2. для прочих случаев используется Эмулятор ключа

----------


## Альбертович

*vladimirus*, Нашел ключик? Если нет, то мыло давай, скину.

----------


## бимбом

вот мыло:as-fasst@mail.ru

----------


## hlam999

> *vladimirus*, Нашел ключик? Если нет, то мыло давай, скину.


А для версии ПРОФ ключик подходит?
а мне не дадите? ПОЖАЛУЙСТА!:confused:

----------


## tettti

И мне пожалуйста ключик, заранее спасибо.
Olyadasha@mail.ru

----------


## Бухгалтер Ira

Мне бы тоже ключ, пожалуйста!:yes:

_Добавлено через 55 секунд_
мне бы тоже ключ, пожалуйста!
ia_plotnikova@mail.ru

----------


## alexsmir

> Мне бы тоже ключ, пожалуйста


Целая ветка есть на этом форуме!!!

----------


## risbb

Ребята у кого есть crack   или ключи 1с8.1  для Win 7 x64 разрядная  скинте на мыло risbb@mail.ru  заранее спасибо !!!

----------


## SKATP

Люди добрые скиньте пожал. ключик 1с 8.1 auti1@ya.ru

----------


## Blumm

Подмагните, у кого есть crack или ключики 1с8.1 для Win 7 x32 разрядная скинте на мыло i_v_a_n_54@mail.ru заранее спасибо !!!

----------


## bes_exe

Привет всем. 
Скиньте, пожалуйста, эмуль для 1с 8.1 
russia087@mail.ru
И ещё такой вопрос - эмулятор для Win 32-х и 64-х раз. версий одинаковы или нет?

----------


## fildar

> Целая ветка есть на этом форуме!!!


можно ссылочку?:blush:

----------


## Alexerg

> можно ссылочку?:blush:


Да хотя бы здесь или тут

----------


## Askar

помогите, скиньте пожалуйста ключик 1с 8.1 у меня ХР:)

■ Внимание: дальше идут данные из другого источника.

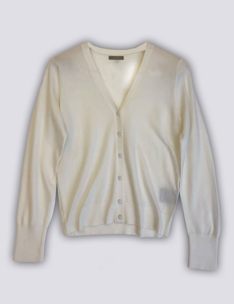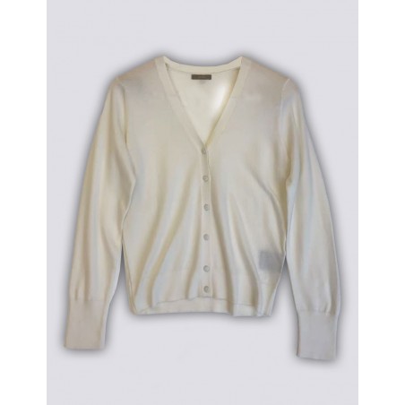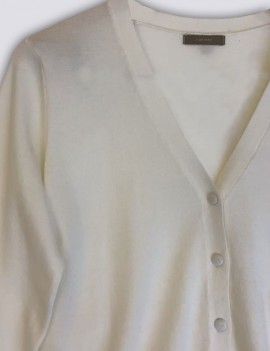 CARDIGAN VARIETY MODELLO VERIN REALIZZATO IN MAGLIA DI MISTO VISCOSA FINEZZA 12 COLORE LATTE CON SCOLLO A V E BOTTONCINI FODERATI . UN CAPO ESSENZIALE PER TUTTI I GIORNI , PERFETTO PER CHI CERCA COMFORT. IL DESIGN E I DETTAGLI ESALTANO LA SILHOUETTE.
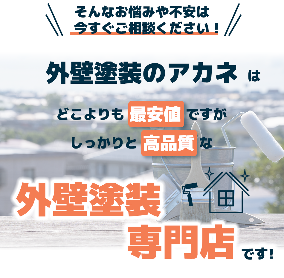 アカネ塗装は少数精鋭の職人による外壁塗装専門店です。そのため、高品質かつ効率的な作業を低コストで提供いたします。
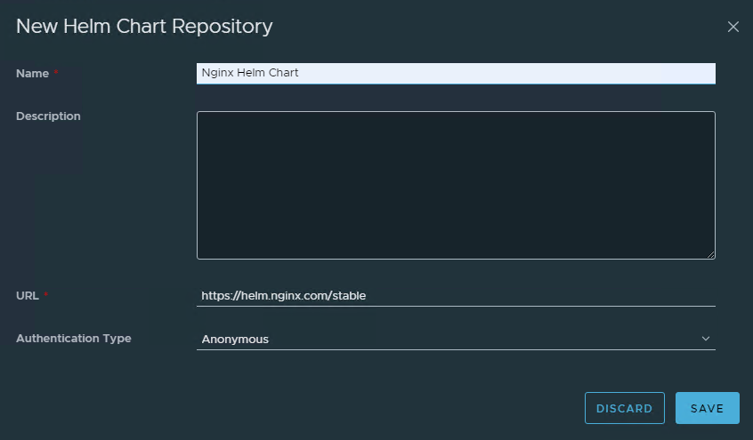 To add a helm repository, click on the “Add Helm Chart Repositories” button.

_Добавлено через 1 минуту 15 секунд_
помогите, скиньте пожалуйста ключик 1с 8.1 у меня ХР   askar.n.85@mail.ru

----------


## danilov82@ya.

Выбирайте любой эмулятор

http://depositfiles.com/files/6rbt4n115
http://depositfiles.com/files/ub1fc9xf2
http://depositfiles.com/files/t1su9x9no

----------


## targatai

> Ребята у кого есть crack   или ключи 1с8.1  для Win 7 x64 разрядная  скинте на мыло risbb@mail.ru  заранее спасибо !!!


доброго времени суток! парюсь реально уже неделю.
проблеммма что не могу поставить эмулятор под 7 х64.
если сть возможность скинь плиз на этот ящик лекарство vval_08@mail.ru

----------


## bes_exe

Да там  скорее не в эмуле дело, а в том как правильно его поставить и все везде прописать. См. выше.

----------


## Ирина7

Помогите! и скиньне пожайлуста ключик 1С8.1  Irche87@mail.ru

----------


## lnm

у кого есть кряк или чтонибудь, чтобы работала конфигурация Управление автотранспортом. Пассажирские перевозки и такси редакции 3.0.4.1 поделитесь пожалуйста.

----------


## donald k2

Пожалуйста! нужен эмулятор ключа для 1С 8.1 под Windows 7 x32
verdger@mail.ru

----------


## Alek-nn

вот еще один эмулятор! http://depositfiles.com/files/7ztnlhqya

----------


## zalivin

Есть у когонибудь эмулятор ключа дял программы 1С РАРУС "Управление автотранспортом" 8 поделитесь пожалуйста

----------


## vmprog

Помогите с лекарством для 8.1 на Win 2003 32bit
m_v@inbox.ru

----------


## ANT0N

Люди скиньте пожалуйста на мыло ant.ykt@mail.ru ключ 1с v8.1 for Windows 7 32bit :blush:

----------


## irkst

Буду очень благодарен за ключик к 8.1

----------


## ANT0N

> Люди скиньте пожалуйста на мыло ant.ykt@mail.ru ключ 1с v8.1 for Windows 7 32bit :blush:


 Об условиях договоримся.
Люди скиньте пожалуйста на мыло ant.ykt@mail.ru ключ 1с v8.1 for Windows 7 32bit  платформа 8.1.15.14

----------


## WertualSH

Добрый вечер, можно мне тож ключик для ХР. Cпс. wertual-s@yandex.ru

----------


## JuliyaJuliya

Привет! поделитесь, пожалуйста, ключом для Win7 x 64. Ящик: ulita-88@mail.ru. Буду очень благодарна!

----------


## WertualSH

> Привет! поделитесь, пожалуйста, ключом для Win7 x 64. Ящик: ulita-88@mail.ru. Буду очень благодарна!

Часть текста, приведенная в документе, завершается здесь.